Given entries

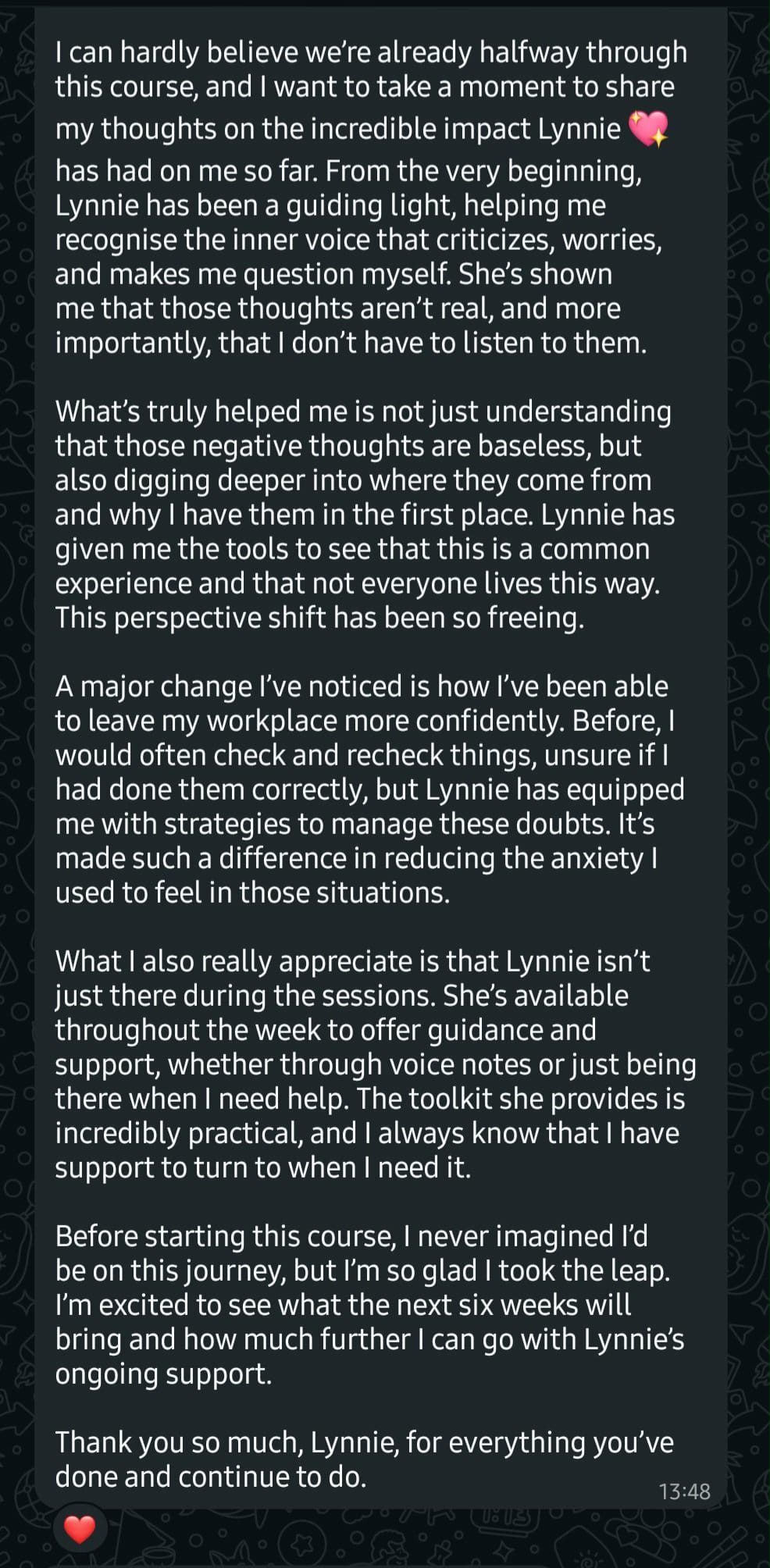 Through my 90-Day Inner Rewire Framework, we go deeper than coping strategies. We get to the root of that voice, dismantle the patterns, and rewire your mind and identity for lasting change.
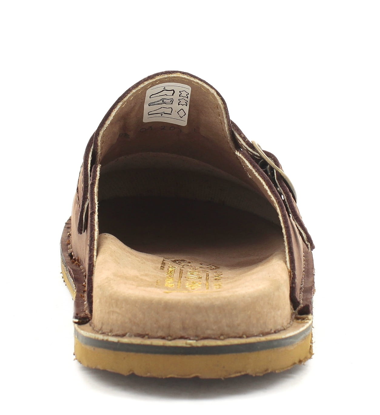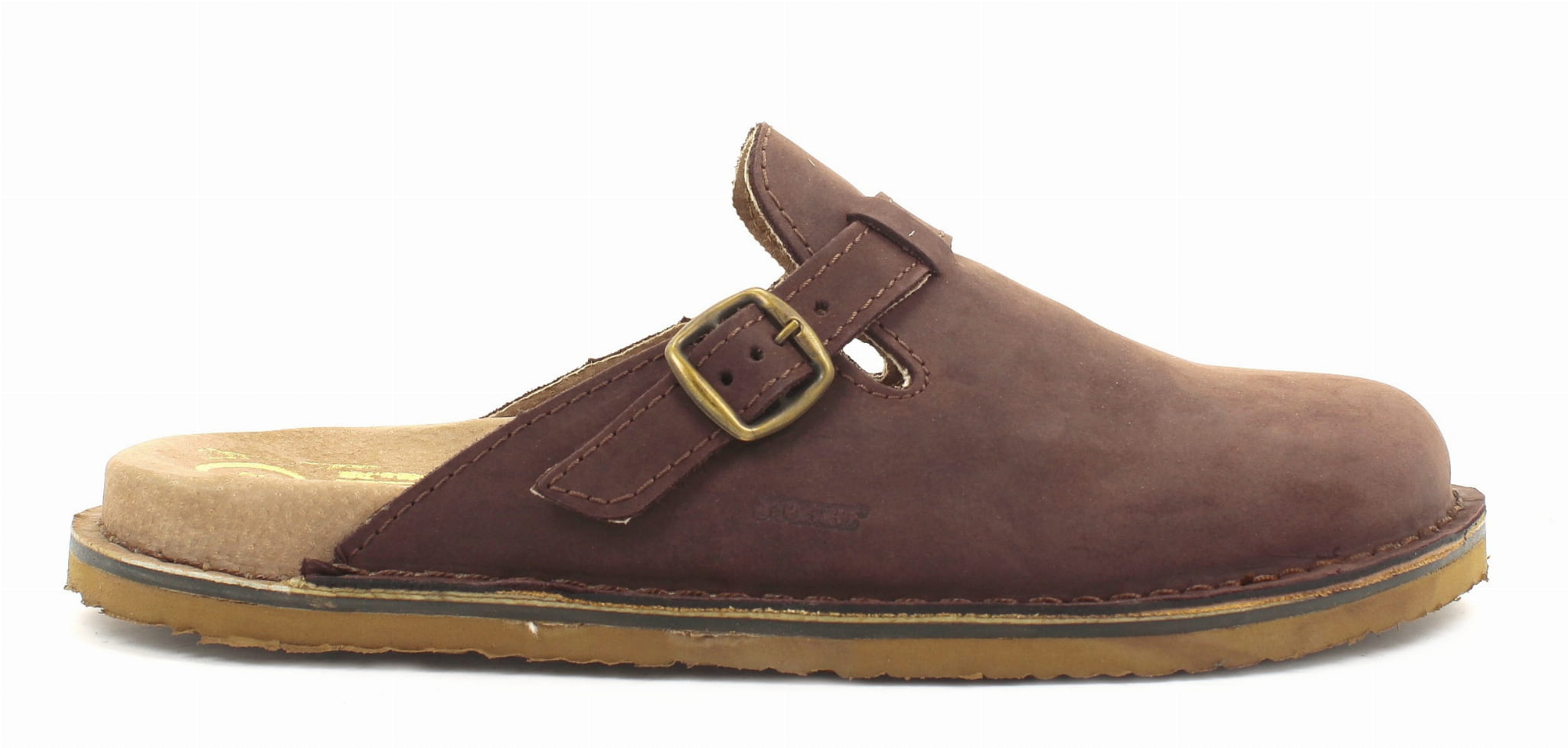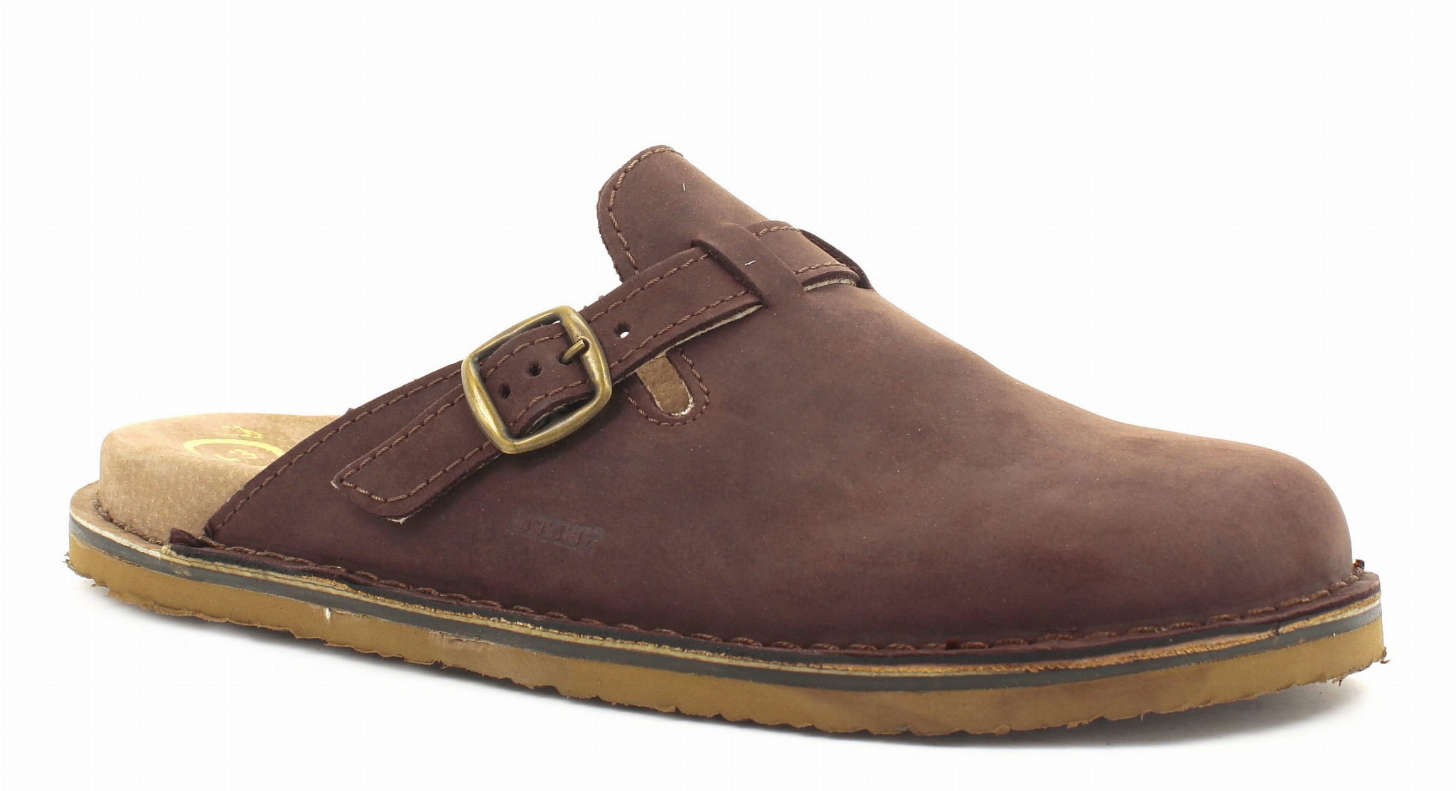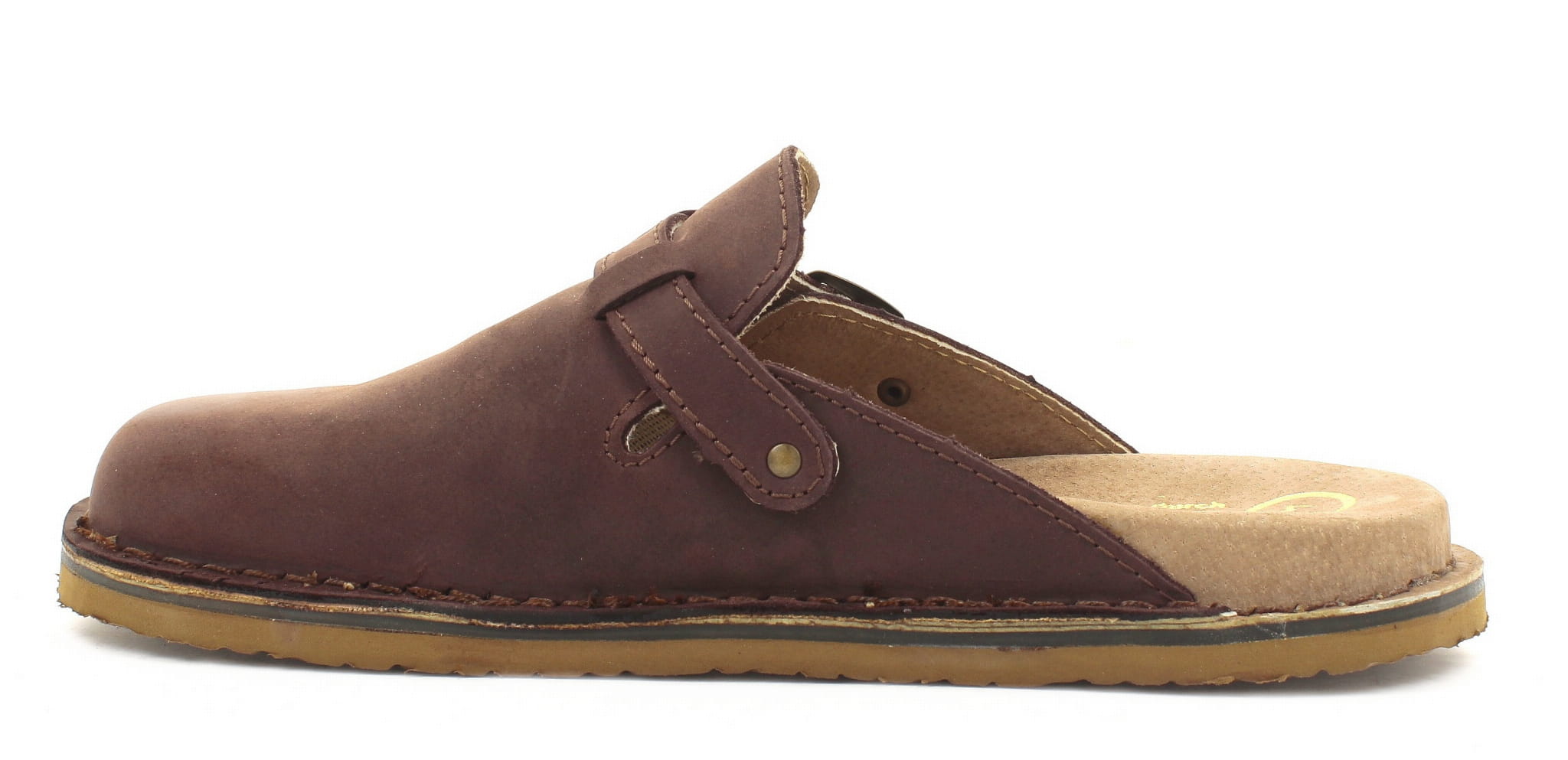 Klapki męskie, wykonane ze skóry. Bardzo wygodne ponieważ wykonane na profilowanym wkładzie, wyłożonym pianką. Regulowany pasek zapinany na klamrę pozwala na zmianę tęgości, ułatwiając dopasowanie klapek do stopy. Wierzch, podszewka oraz wyściółka wykonane są ze skóry naturalnej. Podeszwy klapek posiadają właściwości przeciwpoślizgowe
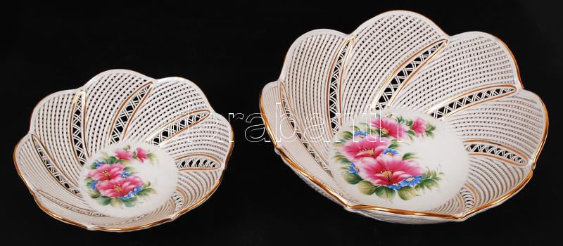 Transipor áttört tál (2db), kézzel festett, jelzett, hibátlan, d:17 és 22 cm, m:4 és 6 cm
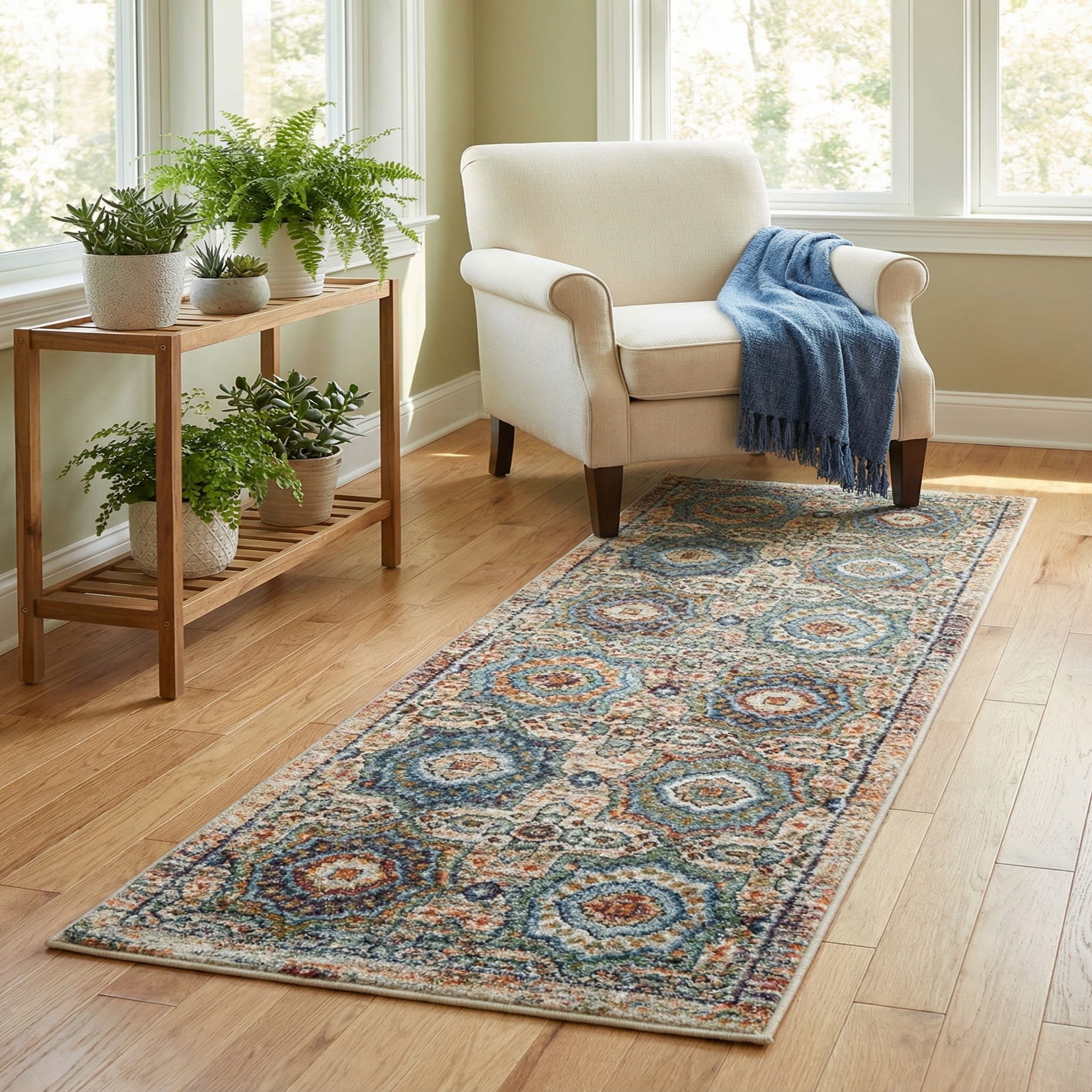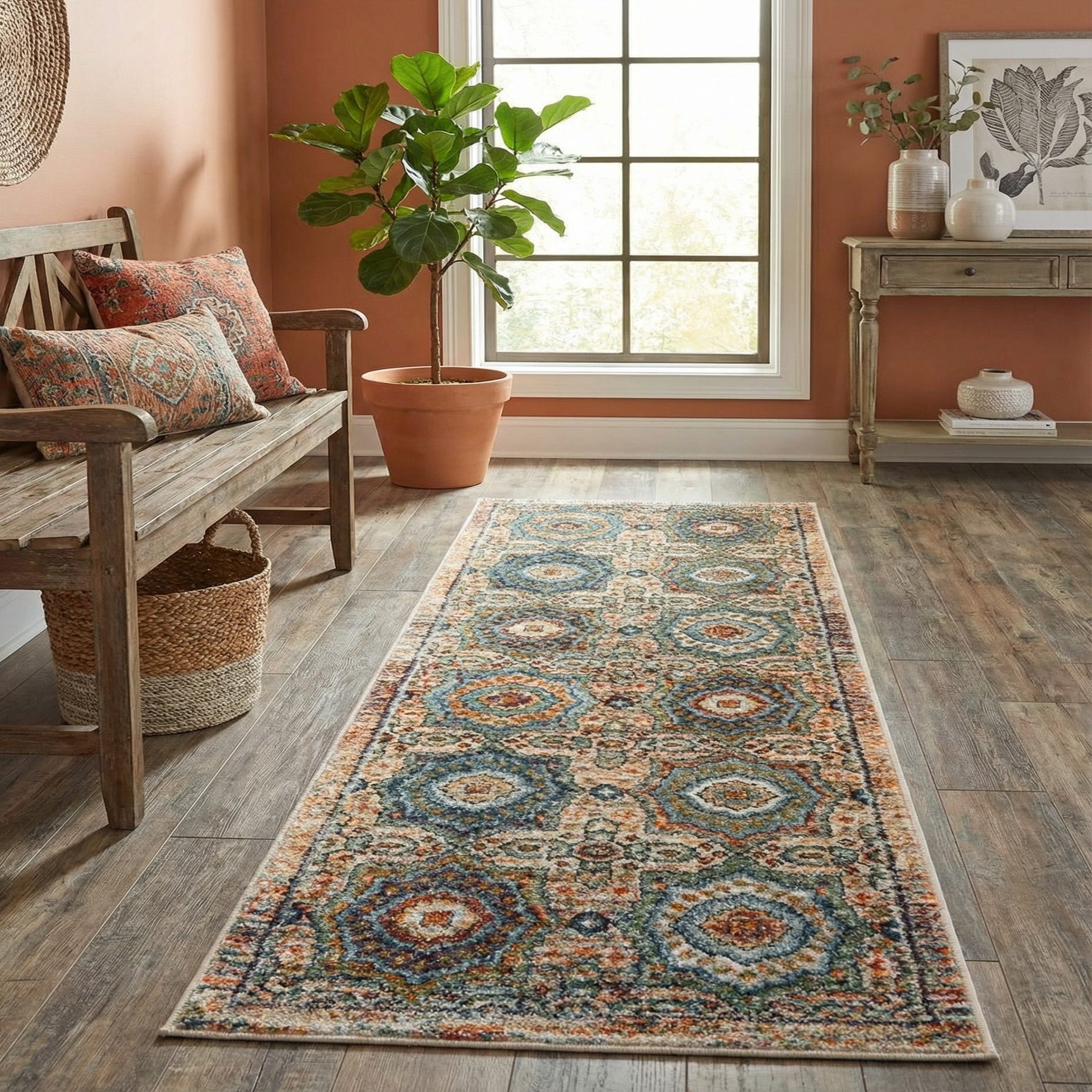 Primary color is Multi. Colors in this rug include: Multi, Beige, Black, Blue, Green, Ivory, Light Blue, Navy Blue, Orange, Peach, Purple, Red.
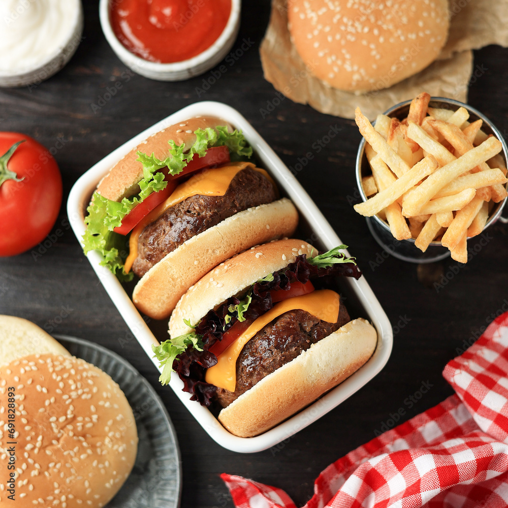 Homemade Cheese Beef Burger Packed on White Lunchbox.

What the task requires
Write out each entry above once more, exactly as written, and drop the pictures.

Written solution
 Through my 90-Day Inner Rewire Framework, we go deeper than coping strategies. We get to the root of that voice, dismantle the patterns, and rewire your mind and identity for lasting change.
 Klapki męskie, wykonane ze skóry. Bardzo wygodne ponieważ wykonane na profilowanym wkładzie, wyłożonym pianką. Regulowany pasek zapinany na klamrę pozwala na zmianę tęgości, ułatwiając dopasowanie klapek do stopy. Wierzch, podszewka oraz wyściółka wykonane są ze skóry naturalnej. Podeszwy klapek posiadają właściwości przeciwpoślizgowe
 Transipor áttört tál (2db), kézzel festett, jelzett, hibátlan, d:17 és 22 cm, m:4 és 6 cm
 Primary color is Multi. Colors in this rug include: Multi, Beige, Black, Blue, Green, Ivory, Light Blue, Navy Blue, Orange, Peach, Purple, Red.
 Homemade Cheese Beef Burger Packed on White Lunchbox.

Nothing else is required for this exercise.